🥘 Ingredients
- flour 200 g
- sugar 60 g
- baking powder ½ tsp
- lemon
- butter 90 g
- egg 3 yolks
- lemon
- condensed milk 397 g
- sugar ¾ cup
- water 0.38 cup
- egg 3 whites
🍳 Cookware
- bowl
- 24 cm diameter mold
- piping bag
- oven
-
1Combine flour , sugar , baking powder , and zest of one fresh lemon in a bowl . Mix with a fork.
-
2Add butter and form crumbs with the fork.
-
3Add egg yolks and mix to form a tender dough.
-
4Beat thoroughly (this is important) and add juice of half a lemon . Continue beating. A soft dough should form. If a soft dough does not form after beating, add a very small amount of lemon juice until a soft dough is achieved.
-
5Approximately 400 g. of dough are obtained.

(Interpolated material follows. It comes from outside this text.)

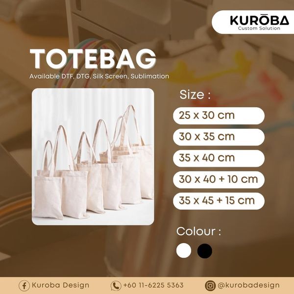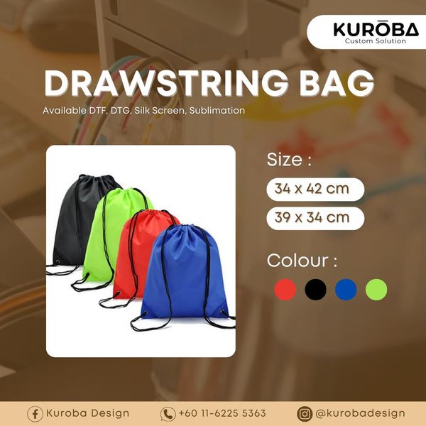 搜索关键词 custom tote bags, printing malaysia, brand promotion, low moq, free design, drawstring bags, pouch bag, corporate gifts, event merchandise, personalized bags优势 Free design services,Low minimum order quantity (MOQ),Various customization options (transfer paper, DTF, silkscreen, embroidery),Free postage for large orders,Wide range of sizes available

Take out 100 g. to make cookies.
-
6Place in a 24 cm diameter mold in a preheated oven at 180°C until cooked ( 15 min ) (the edges are golden brown, a toothpick inserted makes a hole). If the dough puffs up, pierce it with a fork it. It will deflate afterwards.
-
7Make the cookies and cook them as well.
-
8While baking, prepare the filling.
-
9Juice lemons and strain until you have 75 cc.
-
10In a small bowl, place condensed milk and pour in the lemon juice while constantly whisking with a fork. It will first look like it isn't working, it will though.
-
11When it thickens, add the zest of all the lemons used for juicing. Mix well.
-
12Place over the hot dough and spread quickly (it starts to solidify).
-
13Refrigerate and decorate with thin slices of lemon when cold OR continue making the meringue
-
14Start making sugar syrup with sugar and only enough water to moisten the sugar and whipping the egg whites to a stiff consistency (this will take long, even with a hand mixer). Don't mix the sugar in the pan, leave warming up and make sure that it will be done when the meringue has been whipped to a stiff consistency. Both things have to be done simultaneouslt.
-
15Once the sugar boils, wait for around 1 min and then mix in to the egg whites. If not using sugar syrup, replace with 3 semi-full tablespoons of powdered sugar and a pinch of salt, but keep in mind that this will cause the meringue to only last for around 2 days in the fridge. Keep whipping for a while
-
16Fill a piping bag with the meringue and decorate the top of the pie. Alternatively, smear over the surface and make it uneven with a fork.
-
17Place in the oven at 150C for to brown. Watch out with the browning of the meringue; as soon as it starts to brown, it will burn very hard, so keen constantly an eye on it. Alternatively, use a blowtorch.